▸ **Input data**
=====

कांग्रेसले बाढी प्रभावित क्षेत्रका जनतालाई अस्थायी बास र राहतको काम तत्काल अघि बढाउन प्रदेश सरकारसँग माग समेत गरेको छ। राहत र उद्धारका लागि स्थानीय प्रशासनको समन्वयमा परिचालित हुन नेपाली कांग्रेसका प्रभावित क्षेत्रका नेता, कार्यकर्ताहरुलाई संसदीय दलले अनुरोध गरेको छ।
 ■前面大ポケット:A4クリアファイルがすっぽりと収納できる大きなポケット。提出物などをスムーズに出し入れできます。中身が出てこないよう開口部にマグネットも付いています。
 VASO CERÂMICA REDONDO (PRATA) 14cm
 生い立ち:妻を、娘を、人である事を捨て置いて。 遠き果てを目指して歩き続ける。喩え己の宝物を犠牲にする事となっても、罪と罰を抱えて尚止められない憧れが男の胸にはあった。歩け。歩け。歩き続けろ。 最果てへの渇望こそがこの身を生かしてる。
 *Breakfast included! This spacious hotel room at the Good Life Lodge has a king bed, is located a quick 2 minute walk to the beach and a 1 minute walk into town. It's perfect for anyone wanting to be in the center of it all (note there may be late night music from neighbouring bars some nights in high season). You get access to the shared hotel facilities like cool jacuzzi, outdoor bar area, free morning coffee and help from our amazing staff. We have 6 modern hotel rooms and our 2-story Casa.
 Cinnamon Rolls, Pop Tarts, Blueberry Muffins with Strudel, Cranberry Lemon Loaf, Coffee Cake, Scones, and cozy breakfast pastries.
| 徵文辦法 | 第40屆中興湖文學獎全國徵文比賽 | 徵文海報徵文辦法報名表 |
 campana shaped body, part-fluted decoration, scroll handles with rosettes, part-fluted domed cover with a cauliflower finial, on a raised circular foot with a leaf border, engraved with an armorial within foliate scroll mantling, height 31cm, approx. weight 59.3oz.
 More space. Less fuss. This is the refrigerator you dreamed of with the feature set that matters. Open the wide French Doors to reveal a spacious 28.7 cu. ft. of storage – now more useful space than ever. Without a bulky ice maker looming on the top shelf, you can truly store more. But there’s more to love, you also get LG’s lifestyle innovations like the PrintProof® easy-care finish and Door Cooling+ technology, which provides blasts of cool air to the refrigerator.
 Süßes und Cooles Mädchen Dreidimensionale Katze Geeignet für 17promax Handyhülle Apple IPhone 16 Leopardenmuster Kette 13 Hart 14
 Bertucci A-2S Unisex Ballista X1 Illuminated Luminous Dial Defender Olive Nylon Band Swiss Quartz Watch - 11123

=====

▸ **Work task**
Please return every line from the one that contains "campana shaped body, part-fluted" through the end of the entries, exactly, leaving out all others.

▸ **Written response**
 campana shaped body, part-fluted decoration, scroll handles with rosettes, part-fluted domed cover with a cauliflower finial, on a raised circular foot with a leaf border, engraved with an armorial within foliate scroll mantling, height 31cm, approx. weight 59.3oz.
 More space. Less fuss. This is the refrigerator you dreamed of with the feature set that matters. Open the wide French Doors to reveal a spacious 28.7 cu. ft. of storage – now more useful space than ever. Without a bulky ice maker looming on the top shelf, you can truly store more. But there’s more to love, you also get LG’s lifestyle innovations like the PrintProof® easy-care finish and Door Cooling+ technology, which provides blasts of cool air to the refrigerator.
 Süßes und Cooles Mädchen Dreidimensionale Katze Geeignet für 17promax Handyhülle Apple IPhone 16 Leopardenmuster Kette 13 Hart 14
 Bertucci A-2S Unisex Ballista X1 Illuminated Luminous Dial Defender Olive Nylon Band Swiss Quartz Watch - 11123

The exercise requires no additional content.